O que o leitor mais precisava era de contexto para avaliar uma história repleta de manipulação. E aí está o problema, pois contexto foi o que faltou na capa da Folha de domingo.

Relativamente curto, o título da chamada ("Elián, 6, é tirado à força de parentes") não permitiu dizer que o menino foi "tirado de parentes" para ser devolvido ao pai. Outros jornais reuniram as duas informações em seus enunciados.

O texto omitia que os familiares estavam detendo o garoto de forma ilegal, sem o consentimento do pai e das autoridades de imigração. Também não esclarecia que a operação foi decidida após fracassadas tentativas de negociação.

Para completar, a chamada assumia como fato a versão do rapaz que aparece ao lado de Elián na foto. Segundo ele, o menino gritava ("O que está acontecendo? Ajudem-me") ao ser levado do quarto.

O pacote formado por foto, título incompleto e texto enviesado é uma aula de parcialidade jornalística. Vale lembrar que isso não aconteceu em um dia qualquer, e sim no desfecho da novela (primeira fase ao menos) do "náufrago cubano".

Não parou por aí. Título da chamada de segunda-feira: "Pai fraudou foto em que Elián sorri, diz parente". Era aposta em cavalo errado. A própria reportagem permitia perceber a fragilidade da acusação, que veio a ser refutada (o sorriso pode ou não ser espontâneo; fraude é outra coisa).

No mesmo dia, uma descrição da foto da invasão afirmava que o menino estava "sob a mira" da arma do agente. Àquela altura, exaustiva discussão sobre esse ponto nos EUA já havia concluído que não estava.

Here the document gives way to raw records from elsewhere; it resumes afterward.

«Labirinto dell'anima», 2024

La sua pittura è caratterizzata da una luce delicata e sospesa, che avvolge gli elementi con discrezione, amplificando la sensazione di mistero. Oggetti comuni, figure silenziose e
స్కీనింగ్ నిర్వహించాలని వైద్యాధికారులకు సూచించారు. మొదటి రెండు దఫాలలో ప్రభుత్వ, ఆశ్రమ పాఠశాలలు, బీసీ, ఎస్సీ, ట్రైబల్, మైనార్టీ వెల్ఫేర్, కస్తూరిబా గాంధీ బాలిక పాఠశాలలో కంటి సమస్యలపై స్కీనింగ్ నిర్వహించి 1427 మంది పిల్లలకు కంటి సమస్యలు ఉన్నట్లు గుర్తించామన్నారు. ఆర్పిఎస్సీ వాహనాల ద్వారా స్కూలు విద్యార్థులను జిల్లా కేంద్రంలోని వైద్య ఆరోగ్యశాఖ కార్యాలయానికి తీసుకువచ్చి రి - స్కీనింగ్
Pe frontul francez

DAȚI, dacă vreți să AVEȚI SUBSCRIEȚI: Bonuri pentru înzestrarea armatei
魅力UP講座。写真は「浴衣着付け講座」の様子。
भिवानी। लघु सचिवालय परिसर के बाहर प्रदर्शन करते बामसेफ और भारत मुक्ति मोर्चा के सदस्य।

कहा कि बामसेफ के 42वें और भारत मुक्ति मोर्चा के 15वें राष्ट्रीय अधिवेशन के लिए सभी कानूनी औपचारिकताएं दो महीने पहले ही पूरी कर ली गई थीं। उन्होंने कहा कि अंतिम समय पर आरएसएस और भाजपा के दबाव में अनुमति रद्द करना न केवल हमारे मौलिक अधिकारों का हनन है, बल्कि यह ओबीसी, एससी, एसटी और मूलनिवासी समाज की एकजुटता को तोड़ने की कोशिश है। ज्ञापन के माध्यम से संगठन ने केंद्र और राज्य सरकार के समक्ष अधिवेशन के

Na terça-feira, reportagem sobre a ameaça de greve em Miami lembrava que, no sábado, os familiares haviam "perdido a guarda" do menino, como se pudessem perder o que não tinham.

Até pouco tempo atrás, o quadro "para entender o caso" ensinava que Fidel Castro "tem capitalizado o episódio politicamente". Sem dúvida. Apenas se esquecia de ponderar que os candidatos à sucessão de Bill Clinton tentam fazer o mesmo.

Tudo somado, o leitor pode achar que o jornal vive um surto de obsessão anticastrista. É mais provável que se trate de uma mistura de ingenuidade e desinformação.

Em meio à guerra das fotos, a Folha será útil se conseguir mostrar tudo o que existe entre os extremos de Elián capturados nas duas imagens. Até agora o jornal ficou longe disso.